Problem to work on »
Retype the lines from the first one in the records down to the line containing "- Open-source debt: Leading", counting both, and leave out any pictures.

Data records »

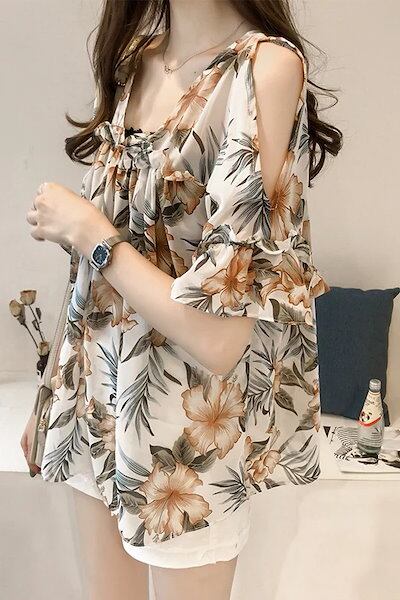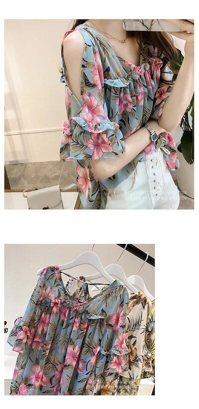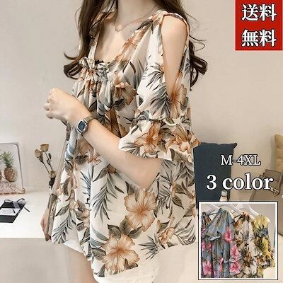 リボン ブラウス リボン マウンテンパーカー シアーシャツ カーディガンシフォン UVカット 夏 トップス 百掛け tシャツ 半袖 レディース 花柄 シフォン 韓国ファッション ゆったり シ
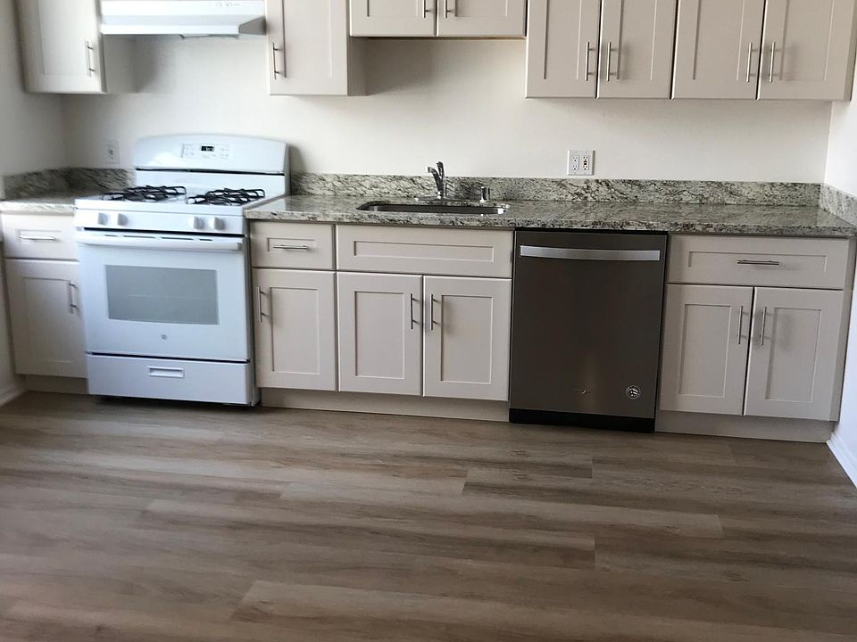 Kitchen with a gas stove, refrigerator, and dishwasher, granite countertop.
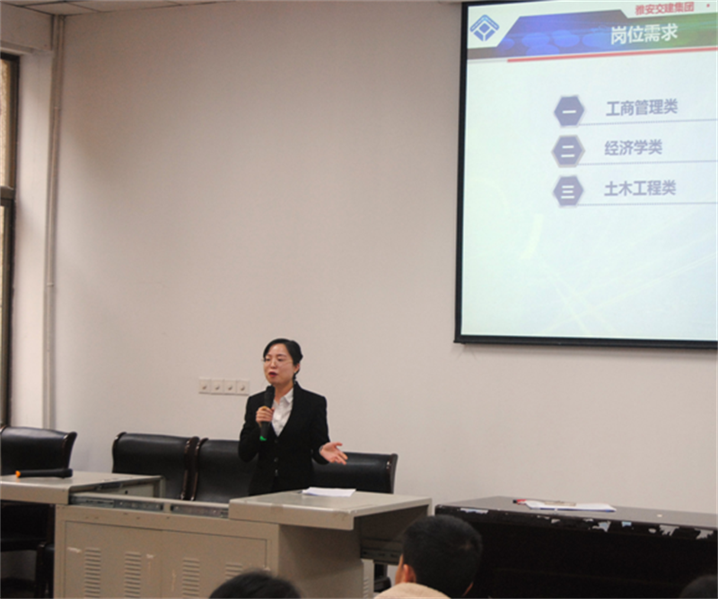 11月15日,由雅安市委、市政府主辦,雅安市委組織部、雅安市委機(jī)構(gòu)編制委員會(huì)辦公室、雅安市人力資源和社會(huì)保障局承辦的2018年“雅州英才”工程赴外招才引智高校行活動(dòng)走進(jìn)四川大學(xué)(望江校區(qū)),交建集團(tuán)招聘代表參加了現(xiàn)場宣講活動(dòng)。
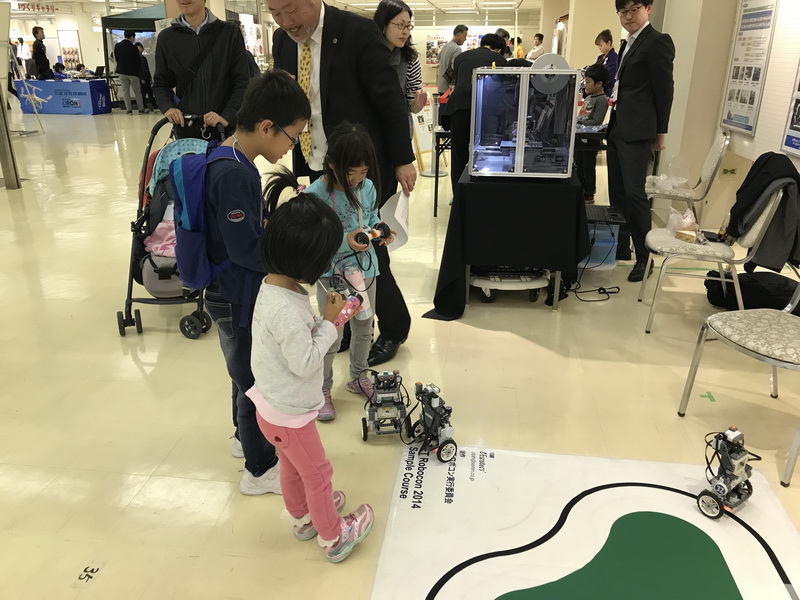 沖准教授指導のもとで大学院2年の角野君が大きく携わって開発した、画像処理によってライン上を無人で移動するモデルシステムも出展されました。床のラインを台車の前で光っている部分に取り付けてあるカメラが撮影し、同時に本体で撮影した画像の情報処理を行いながらライン上を時速3kmで移動します。
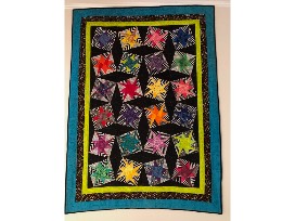 1Cherish this beautiful handmade Quilt, by a Rochester Quilter, circa 2000. Materials are cotton exterior and polyester batting; size is 56" X 78", and includes a rod pocket.
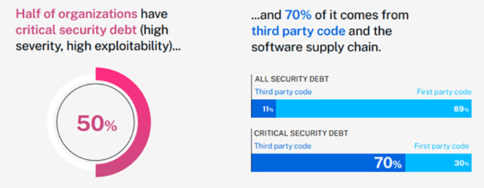 - Open-source debt: Leading organizations keep open-source critical debt under 15 percent, while 100 percent of critical debt is open source in lagging organizations.
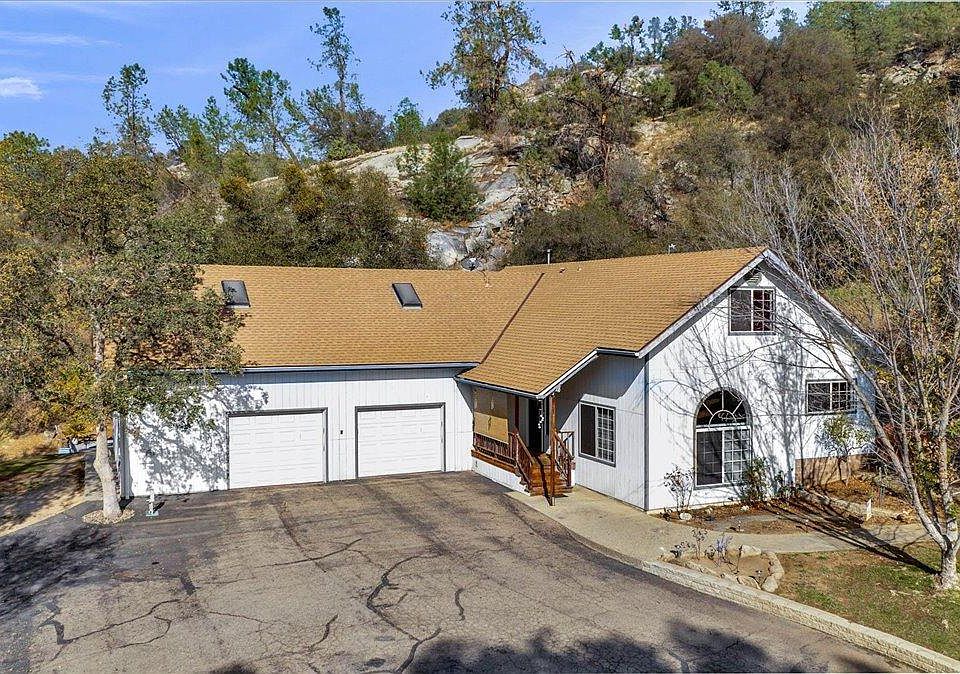 You'll love this spacious custom home in a fantastic Prather location, with a shop, pool, and paved access to the garage. The parcel is gated and partially fenced, and a beautiful, natural wall of rocks fills in where the fence ends to create the perfect, private backyard. The front yard has a circular drive, beautiful landscaping and mature trees, all with irrigation, and a seasonal pond. The home has an oversized two car attached garage, as well as a detached garage, and a separate shop with a second story loft, and covered patio area behind it. RV hookups are complete with 30 amp service, water, sewer, and electric. The home opens to the spacious kitchen with the huge pantry, the dining area, and sunken living room. There are two bedrooms and one bathroom down the hall, and at the end of the hall is a large family room with high ceilings and a wood stove, opening to the back deck and pool area. (Currently being used as a bedroom.) Upstairs are the master, another bedroom with a private bathroom, and plenty of room for his and hers offices. There is storage galore! The home has a Safe House alarm system, and Bose sound system. Underneath the house is even more storage, with garage door access. This home was built by the contractor for himself with 2x6 construction, and was set up with a gravity feed water tank, so the water supply won't be hindered by power outages.
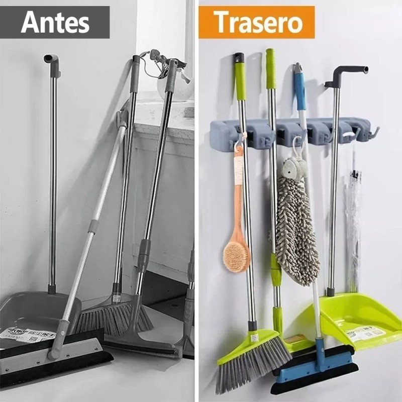 ML Organizador Con Trapeadores Y 5 Espacios Para Colgar Escobas
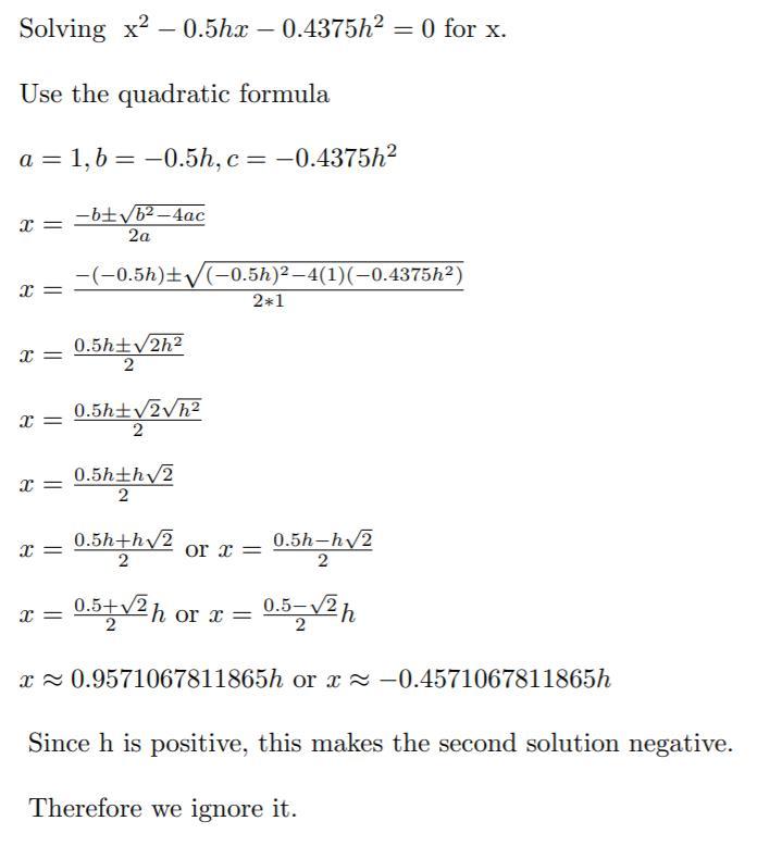 From here you use the quadratic formula to get x = 0.9571067811865h approximately (the other solution is ignored as it's negative). See the attached image below if you're curious what the quadratic formula steps would look like.
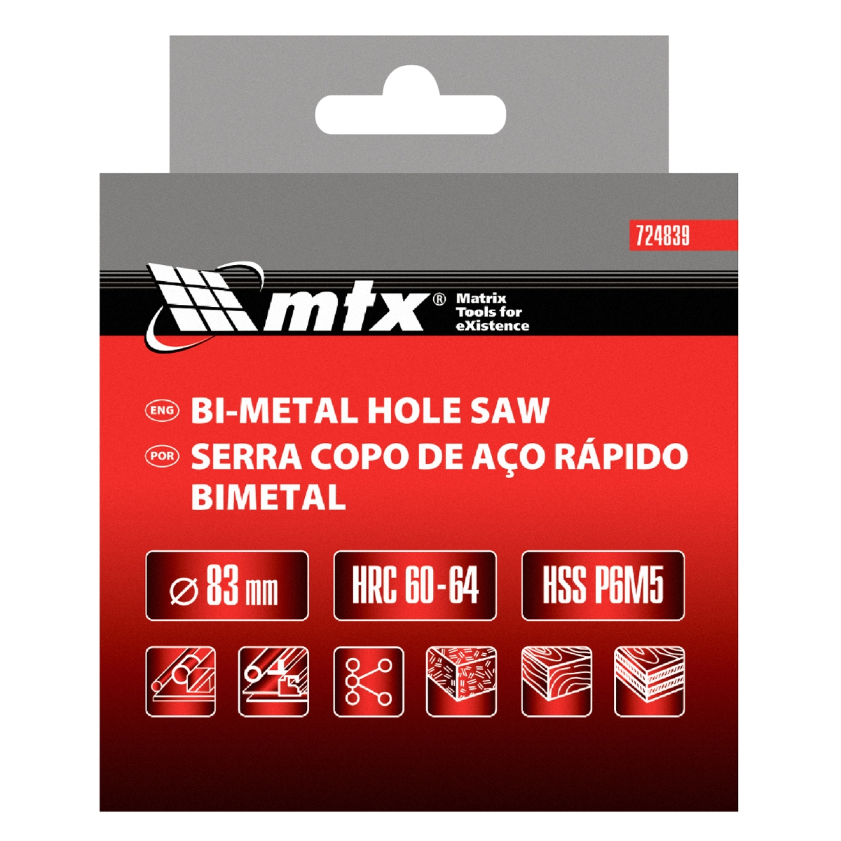 Serra Copo Bimetálica 83mm 5/8'' 18UNF Metal Madeira Plástico MTX 724839
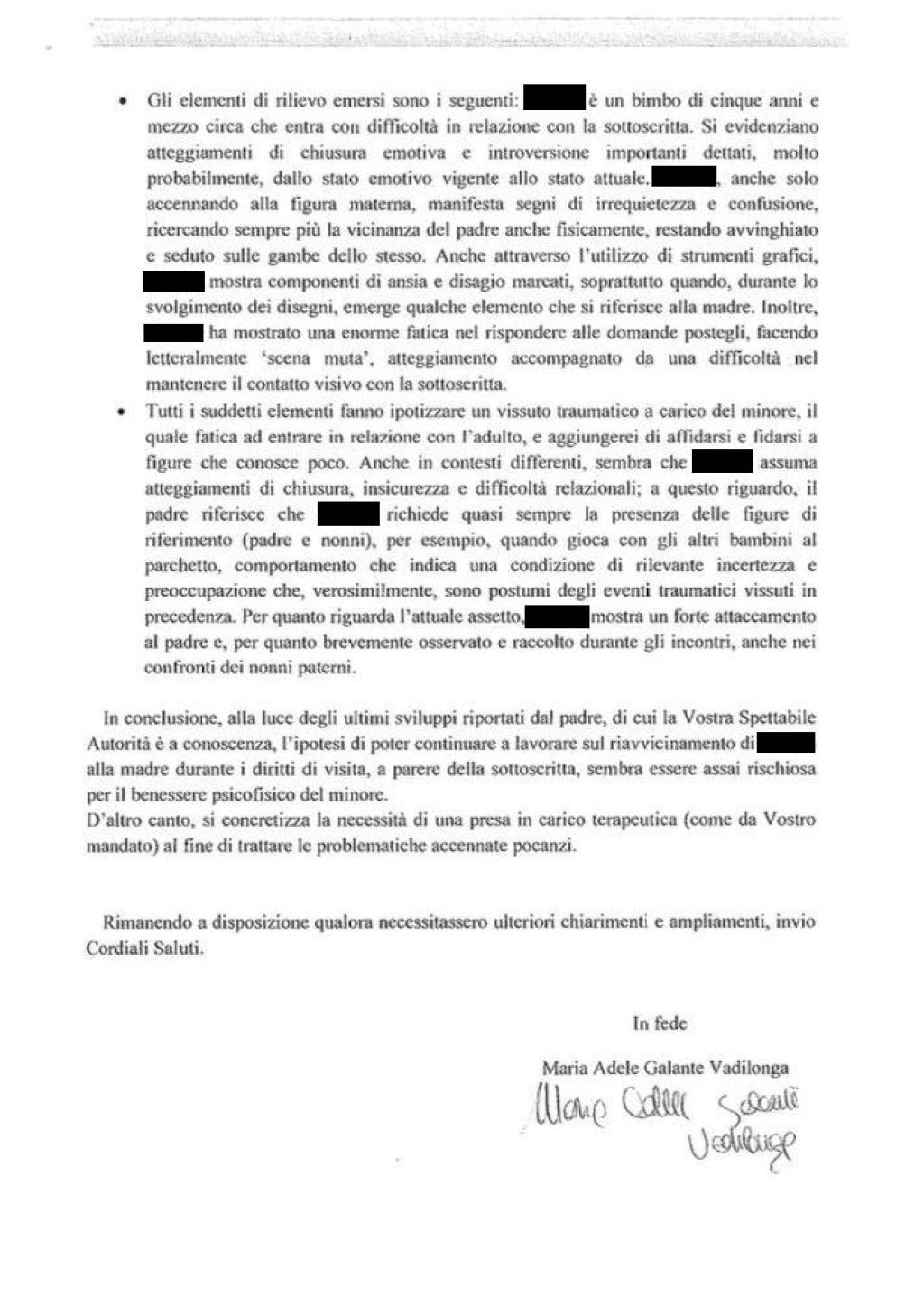 Als wir gelesen haben, was Psychologin Maria Adele Galante Vadilonga vorbereitet hatte, waren wir wieder erschüttert. Denn der Ausmass der Unfachlichkeit bei dem so für das Kind wichtigen Problem erschreckt! (das Dokument legen wir dem vorliegenden Text bei).

Response »
 リボン ブラウス リボン マウンテンパーカー シアーシャツ カーディガンシフォン UVカット 夏 トップス 百掛け tシャツ 半袖 レディース 花柄 シフォン 韓国ファッション ゆったり シ
 Kitchen with a gas stove, refrigerator, and dishwasher, granite countertop.
 11月15日,由雅安市委、市政府主辦,雅安市委組織部、雅安市委機(jī)構(gòu)編制委員會(huì)辦公室、雅安市人力資源和社會(huì)保障局承辦的2018年“雅州英才”工程赴外招才引智高校行活動(dòng)走進(jìn)四川大學(xué)(望江校區(qū)),交建集團(tuán)招聘代表參加了現(xiàn)場宣講活動(dòng)。
 沖准教授指導のもとで大学院2年の角野君が大きく携わって開発した、画像処理によってライン上を無人で移動するモデルシステムも出展されました。床のラインを台車の前で光っている部分に取り付けてあるカメラが撮影し、同時に本体で撮影した画像の情報処理を行いながらライン上を時速3kmで移動します。
 1Cherish this beautiful handmade Quilt, by a Rochester Quilter, circa 2000. Materials are cotton exterior and polyester batting; size is 56" X 78", and includes a rod pocket.
 - Open-source debt: Leading organizations keep open-source critical debt under 15 percent, while 100 percent of critical debt is open source in lagging organizations.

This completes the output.